**Raw data**

▼

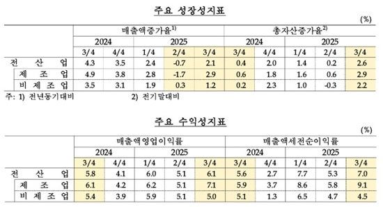 Çѱ¹ÀºÇàÀÌ 17ÀÏ ¹ßÇ¥ÇÑ ¡®2025³â 3ºÐ±â ±â¾÷°æ¿µºÐ¼®¡¯¿¡ µû¸£¸é ¿Ü°¨±â¾÷ÀÇ ¸ÅÃâ ¼ºÀ强°ú ¼öÀͼºÀÌ ÀüºÐ±â ¹× Àü³âµ¿±â ´ëºñ ¸ðµÎ °³¼±µÆ´Ù. ¸ÅÃâ¾×Áõ°¡À²Àº 2.1%·Î Á÷Àü ºÐ±â -0.7%¿¡¼­ Ç÷¯½º·Î ÀüȯµÆ´Ù. ÃÑÀÚ»êÁõ°¡À²µµ ÀüºÐ±â 0.2%, Àü³âµ¿±â 0.4%¿¡¼­ 2.6%·Î »ó½ÂÆøÀ» Ű¿ü´Ù.
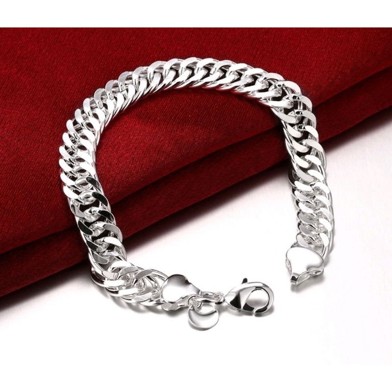 Pulseira Masculina Com Correntes Prata sterling 10mm 8 Polegadas
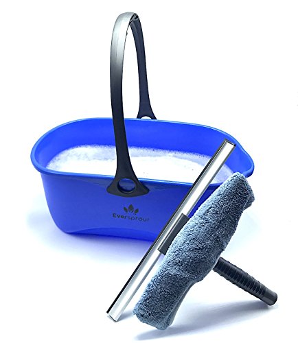 EVERSPROUT 5-to-13 Foot Window Squeegee & Scrubber Combo (20 Ft. Reach) | Extra-wide 14-inch Squeegee & Microfiber Window Scrubber | Lightweight, Aluminum Pro Pole | +EXTRA 14-inch Squeegee Blade
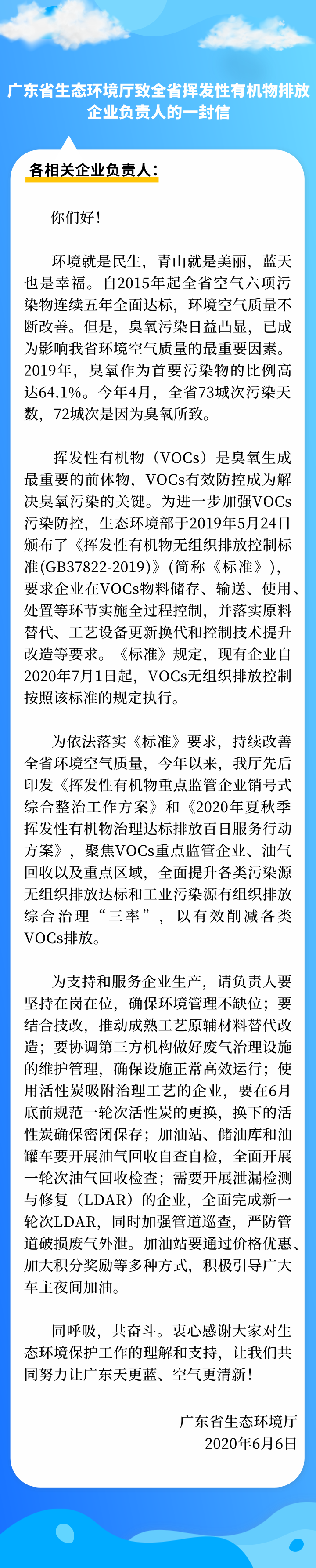广东省生态环境厅致全省挥发性有机物排放企业负责人的一封信

▲

The line containing "EVERSPROUT 5-to-13 Foot" and every line after it, through the end of the data, are to be output exactly. Omit the pictures.

**Response to this task**
 EVERSPROUT 5-to-13 Foot Window Squeegee & Scrubber Combo (20 Ft. Reach) | Extra-wide 14-inch Squeegee & Microfiber Window Scrubber | Lightweight, Aluminum Pro Pole | +EXTRA 14-inch Squeegee Blade
广东省生态环境厅致全省挥发性有机物排放企业负责人的一封信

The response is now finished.